* The task: Set down again exactly the lines of the listing below that fall between the line holding "ピアノの製作には木材が重要な" and the line holding "NEELLY纳俪商场同款气质", inclusive.

* Input data:
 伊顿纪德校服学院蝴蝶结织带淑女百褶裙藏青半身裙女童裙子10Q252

* * *

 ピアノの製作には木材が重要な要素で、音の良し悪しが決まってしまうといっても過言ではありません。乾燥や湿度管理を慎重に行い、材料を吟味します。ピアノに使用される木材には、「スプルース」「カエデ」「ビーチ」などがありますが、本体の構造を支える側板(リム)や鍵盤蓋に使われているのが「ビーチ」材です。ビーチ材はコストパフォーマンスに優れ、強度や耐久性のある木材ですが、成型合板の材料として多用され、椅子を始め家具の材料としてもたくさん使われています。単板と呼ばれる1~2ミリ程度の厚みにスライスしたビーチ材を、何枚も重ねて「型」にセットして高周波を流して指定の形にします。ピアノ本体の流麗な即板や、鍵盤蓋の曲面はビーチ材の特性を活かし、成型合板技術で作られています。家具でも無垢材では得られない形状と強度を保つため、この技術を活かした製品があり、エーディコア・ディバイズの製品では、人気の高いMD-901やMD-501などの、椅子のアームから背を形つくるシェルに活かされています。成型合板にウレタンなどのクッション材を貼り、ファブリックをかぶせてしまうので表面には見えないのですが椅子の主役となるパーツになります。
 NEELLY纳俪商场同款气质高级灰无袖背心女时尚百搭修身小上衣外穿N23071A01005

* Reply:
 ピアノの製作には木材が重要な要素で、音の良し悪しが決まってしまうといっても過言ではありません。乾燥や湿度管理を慎重に行い、材料を吟味します。ピアノに使用される木材には、「スプルース」「カエデ」「ビーチ」などがありますが、本体の構造を支える側板(リム)や鍵盤蓋に使われているのが「ビーチ」材です。ビーチ材はコストパフォーマンスに優れ、強度や耐久性のある木材ですが、成型合板の材料として多用され、椅子を始め家具の材料としてもたくさん使われています。単板と呼ばれる1~2ミリ程度の厚みにスライスしたビーチ材を、何枚も重ねて「型」にセットして高周波を流して指定の形にします。ピアノ本体の流麗な即板や、鍵盤蓋の曲面はビーチ材の特性を活かし、成型合板技術で作られています。家具でも無垢材では得られない形状と強度を保つため、この技術を活かした製品があり、エーディコア・ディバイズの製品では、人気の高いMD-901やMD-501などの、椅子のアームから背を形つくるシェルに活かされています。成型合板にウレタンなどのクッション材を貼り、ファブリックをかぶせてしまうので表面には見えないのですが椅子の主役となるパーツになります。
 NEELLY纳俪商场同款气质高级灰无袖背心女时尚百搭修身小上衣外穿N23071A01005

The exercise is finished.